Exercise objective. Go to the line containing "Dernière longueur" below; retype it and all following lines exactly, and leave out the pictures.

Data excerpts:
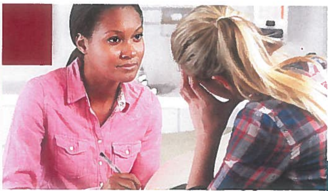
Our dedicated staff is ready to listen and help in any way they can.
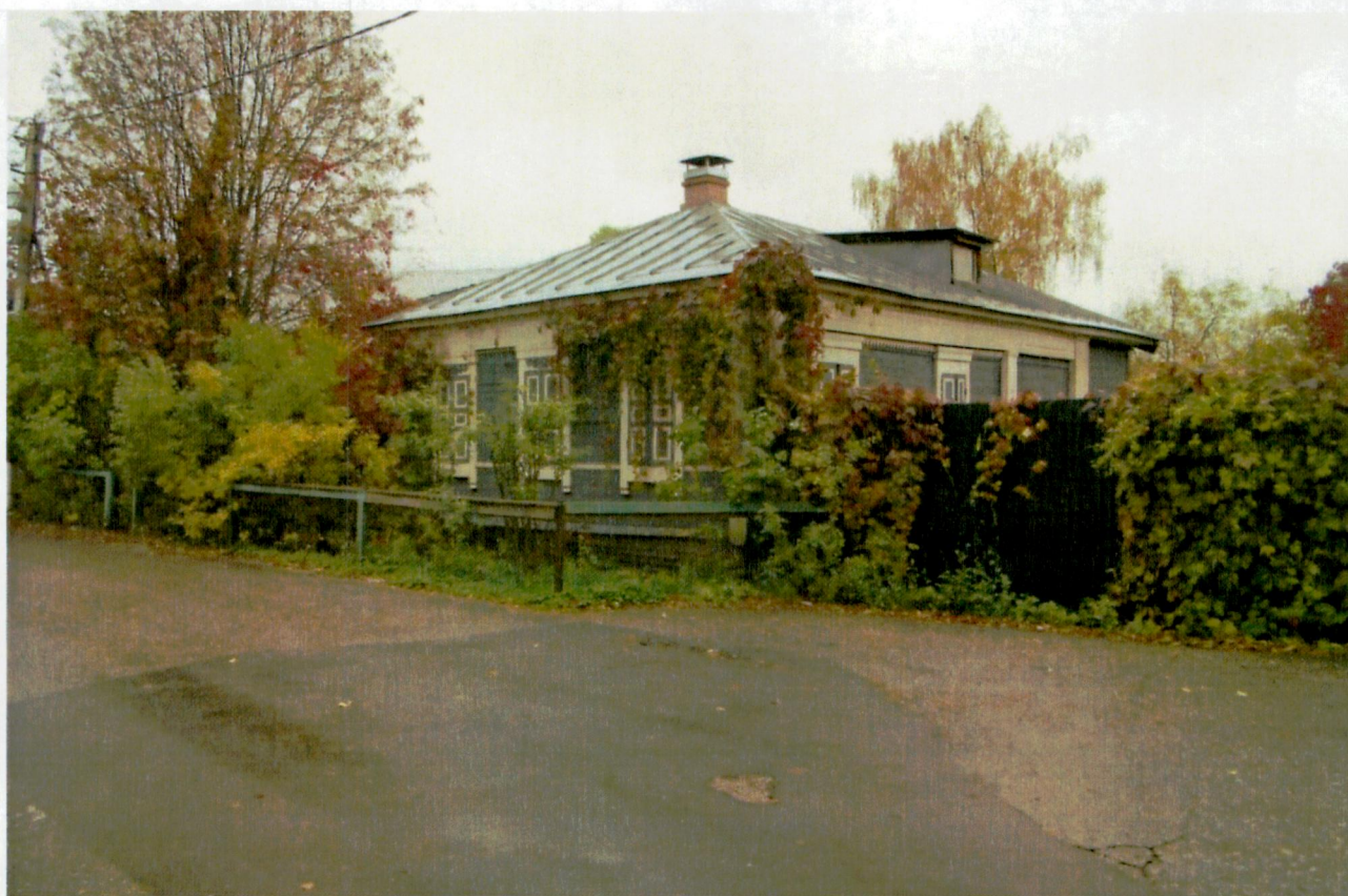
1. Общий вид с юго-запада.

Фотофиксация объекта культурного наследия «Церковно-приходская школа церкви Вознесения Господня, 1913 г.»
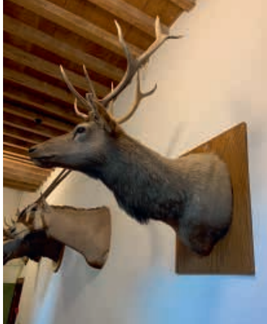
Tegen de muur gespijkerde trofeeën als bewijs van het disrespect jegens andere soorten.

niet langer het eigendom van de landheer. Het zijn “onze” dieren geworden. De jacht staat ter discussie. Een brede maatschappelijke discussie. Aldus gesterkt werd de laatste wenteltrap naar de zolder beklommen, waar de traditionele jagersexpositie zonder scrupules een levensgrote geschoten beer en dito leeuw, meteen de realiteit afvuurt. Rijen geschoten vogels in vitrines visualiseren de verhalen van de weidmannen. Hier heerst
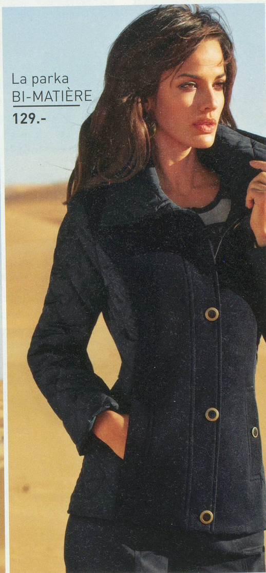
La parka BI-MATIÈRE 129.-
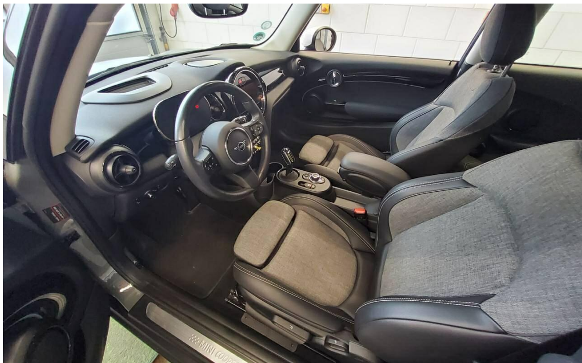
Bild 8 : Durch geöffnete Fahrtüre: Fahrersitz, Armaturenbrett und Schalthebel
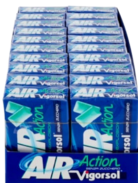
VIGORSOL chewing gum Air Action pz 20 x g 29
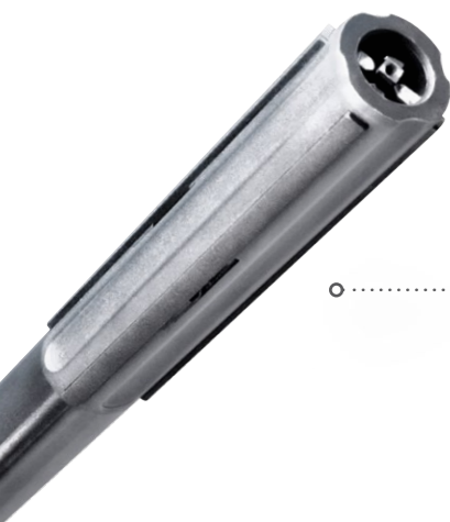
○ Herramientas MMT, LFT-DX Rango de uso \varnothing 4 – 19 mm
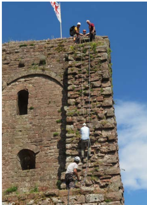
Dernière longueur

3. Le matos a été fourni par le Club Alpin de Strasbourg.
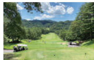
▲都留カントリー倶楽部
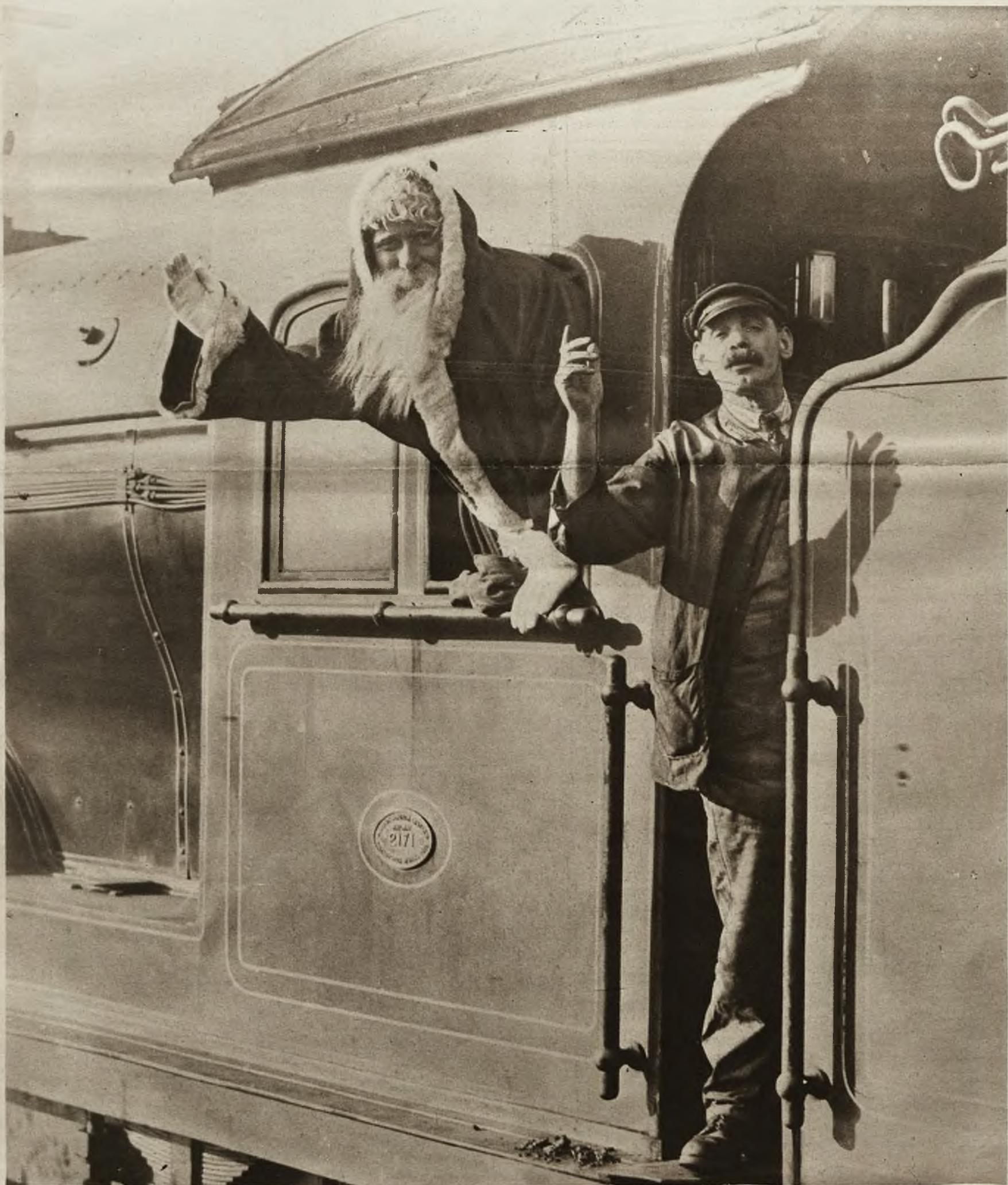
Nawet św. Mikołaj musiał się zmodernizować i zastosować do nowoczesnych środków komunikacji. Podobno namawiano go do aeroplanu, ale staruszek nie mógł się zdecydować i w tym roku przyjeżdża na olbrzymim parowozie, który ciągnie cały pociąg najrozmaitszych darów.

Task response.
Dernière longueur

3. Le matos a été fourni par le Club Alpin de Strasbourg.
▲都留カントリー倶楽部
Nawet św. Mikołaj musiał się zmodernizować i zastosować do nowoczesnych środków komunikacji. Podobno namawiano go do aeroplanu, ale staruszek nie mógł się zdecydować i w tym roku przyjeżdża na olbrzymim parowozie, który ciągnie cały pociąg najrozmaitszych darów.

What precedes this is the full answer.